Requirement | Set the material down again exactly, line by line, skipping each picture.

:: Extracted records

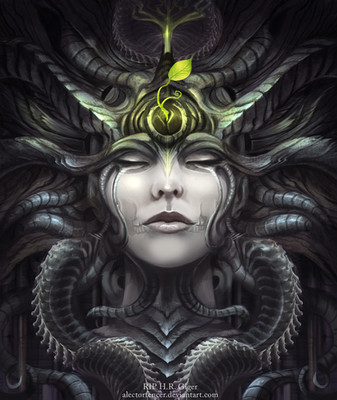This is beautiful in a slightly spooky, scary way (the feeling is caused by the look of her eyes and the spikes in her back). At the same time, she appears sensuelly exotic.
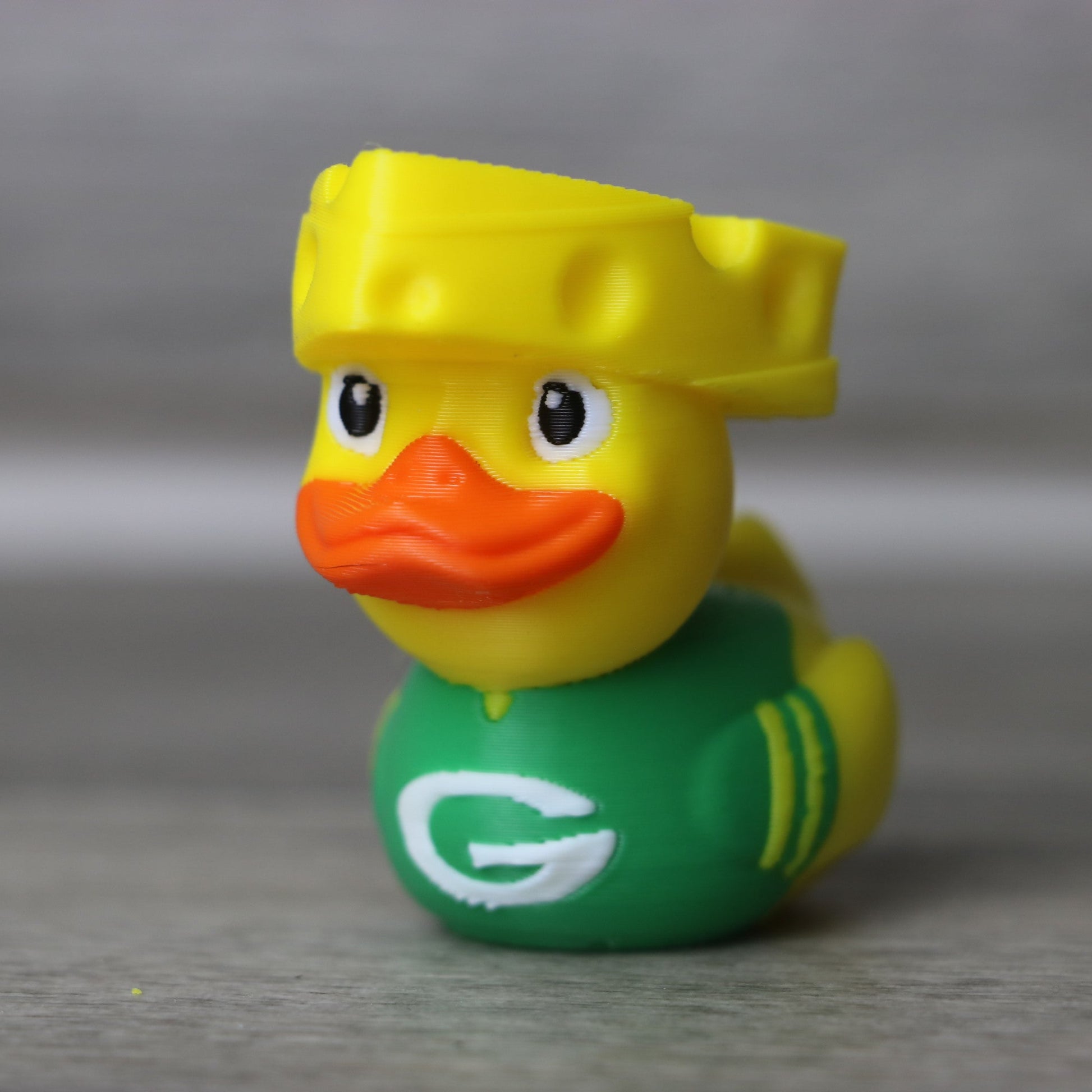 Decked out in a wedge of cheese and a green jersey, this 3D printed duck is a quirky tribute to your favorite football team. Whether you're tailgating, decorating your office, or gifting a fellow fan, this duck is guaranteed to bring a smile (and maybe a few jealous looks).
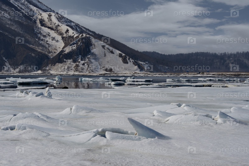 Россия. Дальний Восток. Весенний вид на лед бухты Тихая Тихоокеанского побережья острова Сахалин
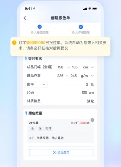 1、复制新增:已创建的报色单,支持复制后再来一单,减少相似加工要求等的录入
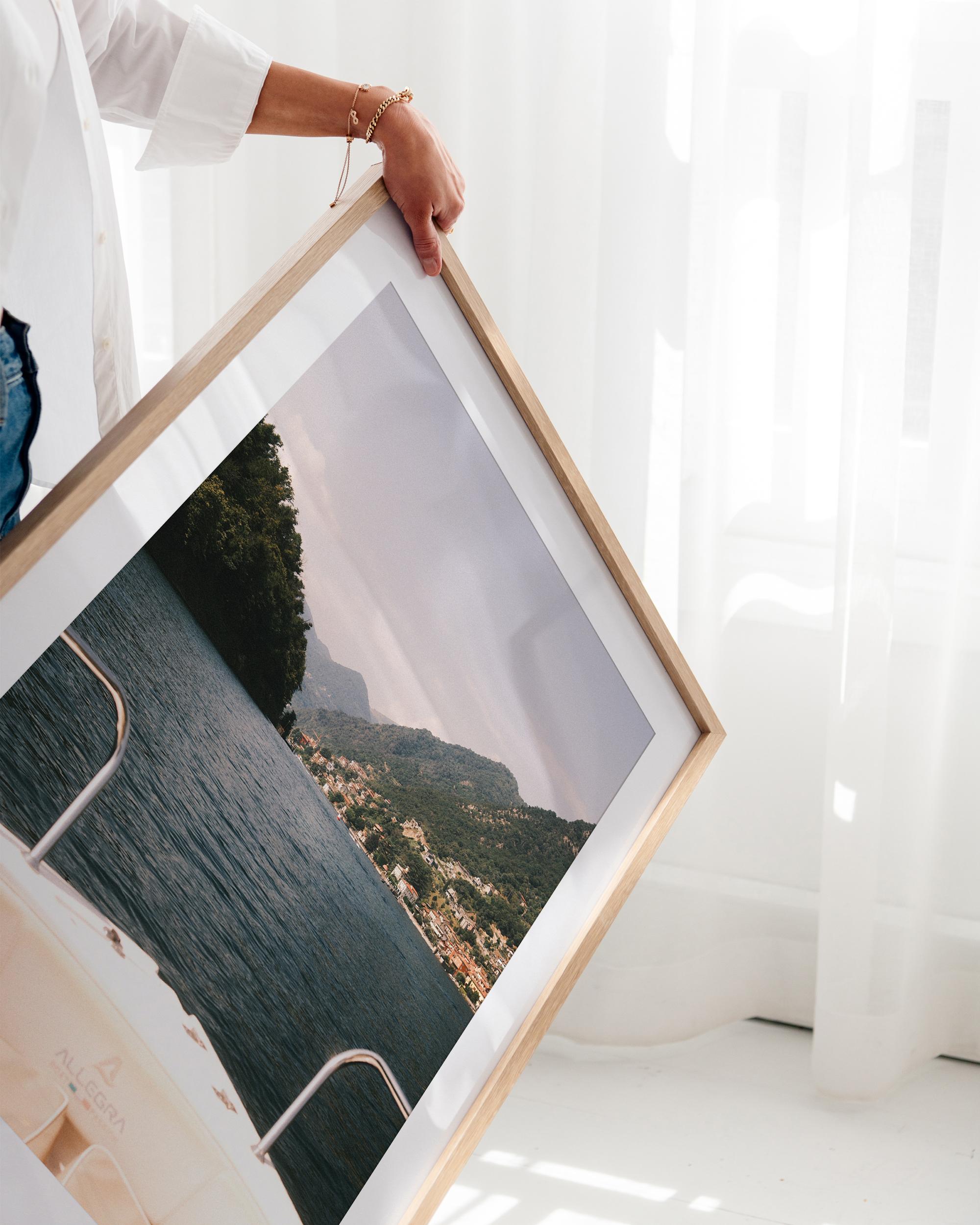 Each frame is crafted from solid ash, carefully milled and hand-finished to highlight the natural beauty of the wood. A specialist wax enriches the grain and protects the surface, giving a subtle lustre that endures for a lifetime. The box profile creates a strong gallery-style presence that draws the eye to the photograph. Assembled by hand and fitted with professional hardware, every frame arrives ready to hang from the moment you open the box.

::::

Worked solution |
This is beautiful in a slightly spooky, scary way (the feeling is caused by the look of her eyes and the spikes in her back). At the same time, she appears sensuelly exotic.
 Decked out in a wedge of cheese and a green jersey, this 3D printed duck is a quirky tribute to your favorite football team. Whether you're tailgating, decorating your office, or gifting a fellow fan, this duck is guaranteed to bring a smile (and maybe a few jealous looks).
 Россия. Дальний Восток. Весенний вид на лед бухты Тихая Тихоокеанского побережья острова Сахалин
 1、复制新增:已创建的报色单,支持复制后再来一单,减少相似加工要求等的录入
 Each frame is crafted from solid ash, carefully milled and hand-finished to highlight the natural beauty of the wood. A specialist wax enriches the grain and protects the surface, giving a subtle lustre that endures for a lifetime. The box profile creates a strong gallery-style presence that draws the eye to the photograph. Assembled by hand and fitted with professional hardware, every frame arrives ready to hang from the moment you open the box.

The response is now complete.